Posted by Boris Galitsky <bg...@hotmail.com>.

Thanks for the interest!

I will include the minutes in the relevant latest tickets.
Boris



> Date: Sun, 25 Mar 2012 23:53:29 +0200
> Subject: Re: skype call?
> From: aliaksandr@autayeu.com
> To: dev@opennlp.apache.org
> 
> It would be nice then to peek at the minutes... or may be there is another
> way for others to follow your call?
> 
> Aliaksandr
> 
> On Sun, Mar 25, 2012 at 12:09 AM, Boris Galitsky <bg...@hotmail.com>wrote:
> 
> >
> >
> > Hi
> > Jörn
> > May be we can talk on skype to discuss the progress of Similarity
> > component? I closed all tickets we were discussing 2 months ago, and added
> > couple of new interesting features.
> >
> > RegardsBoris
> >
> >
> >
> >

Re: skype call?

Posted by Aliaksandr Autayeu <al...@autayeu.com>.

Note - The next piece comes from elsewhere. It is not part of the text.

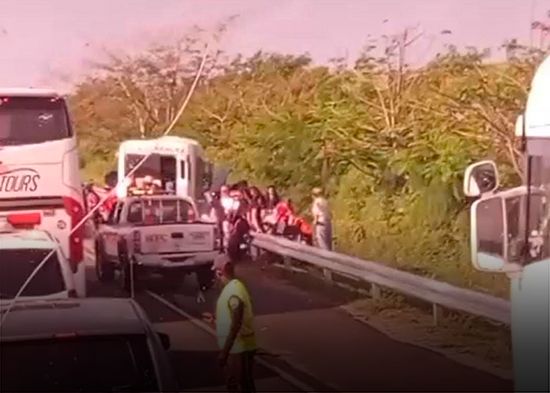 Un accidente de transito ocurrió la mañana de este martes cerca del peaje de la comunidad de Benerito en la autovía del Coral, al chocar un autobús cargado de turistas y una camioneta.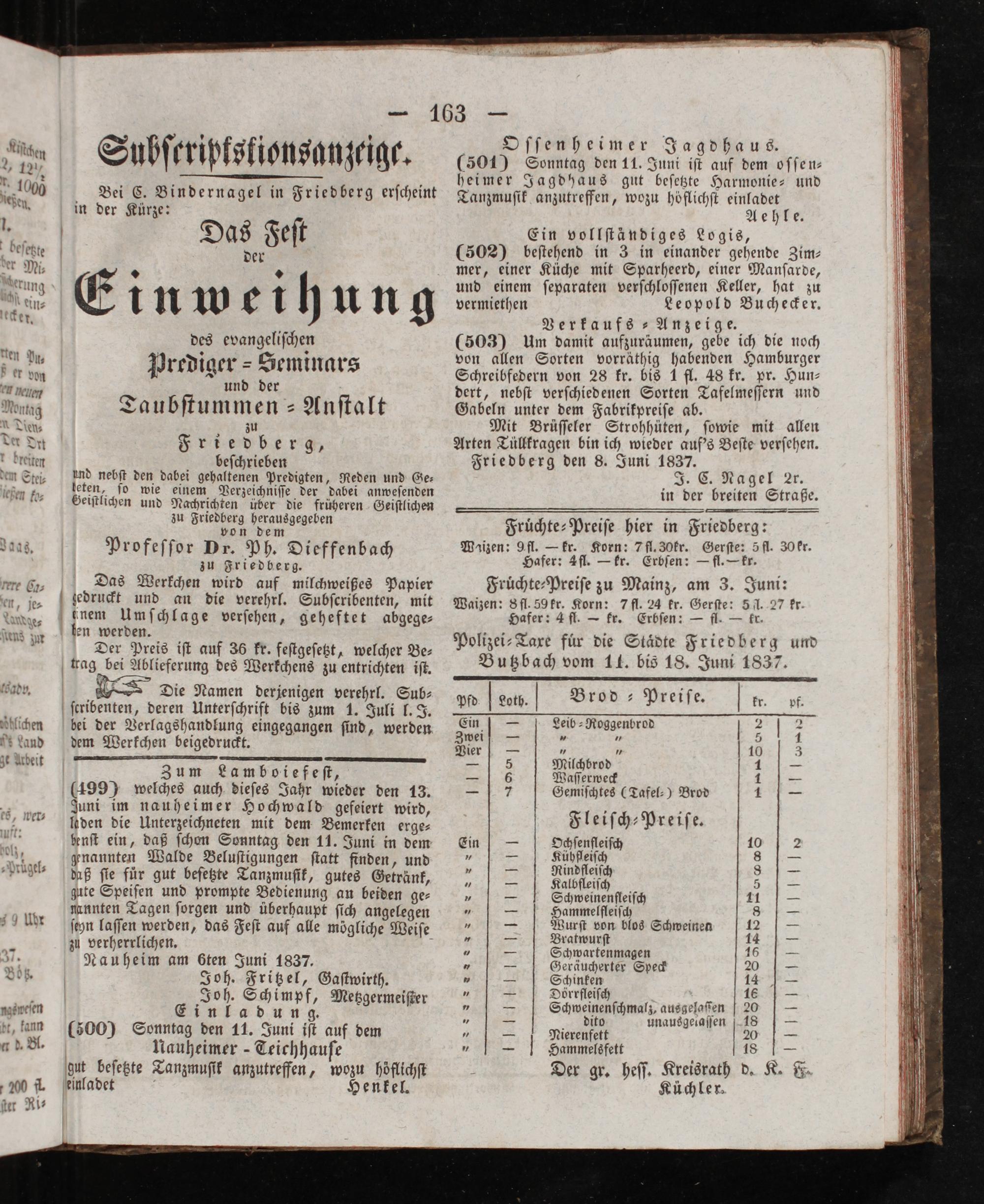 Aehle. Ein vollſtändiges Logis, (502) beſtehend in 3 in einander gehende Zim— mer, einer Küche mit Sparheerd, einer Manſarde, und einem ſeparaten verſchloſſenen Keller, hat zu vermiethen Leopold Buchecker. Verkaufs ⸗ Anzeige. (503) Um damit aufzuräumen, gebe ich die noch von allen Sorten vorräthig habenden Hamburger Schreibfedern von 28 kr. bis 1 fl. 48 kr. pr. Hun⸗ dert, nebſt verſchiedenen Sorten Tafelmeſſern und Gabeln unter dem Fabrikpreiſe ab. Mit Brüſſeler Strohhüten, ſowie mit allen Arten Tüllkragen bin ich wieder auf's Beſte verſehen. Friedberg den 8. Juni 1837. J. C. Nagel r. in der breiten Straße.

It would be nice then to peek at the minutes... or may be there is another
way for others to follow your call?

Aliaksandr

On Sun, Mar 25, 2012 at 12:09 AM, Boris Galitsky <bg...@hotmail.com>wrote:

>
>
> Hi
> Jörn
> May be we can talk on skype to discuss the progress of Similarity
> component? I closed all tickets we were discussing 2 months ago, and added
> couple of new interesting features.
>
> RegardsBoris
>
>
>
>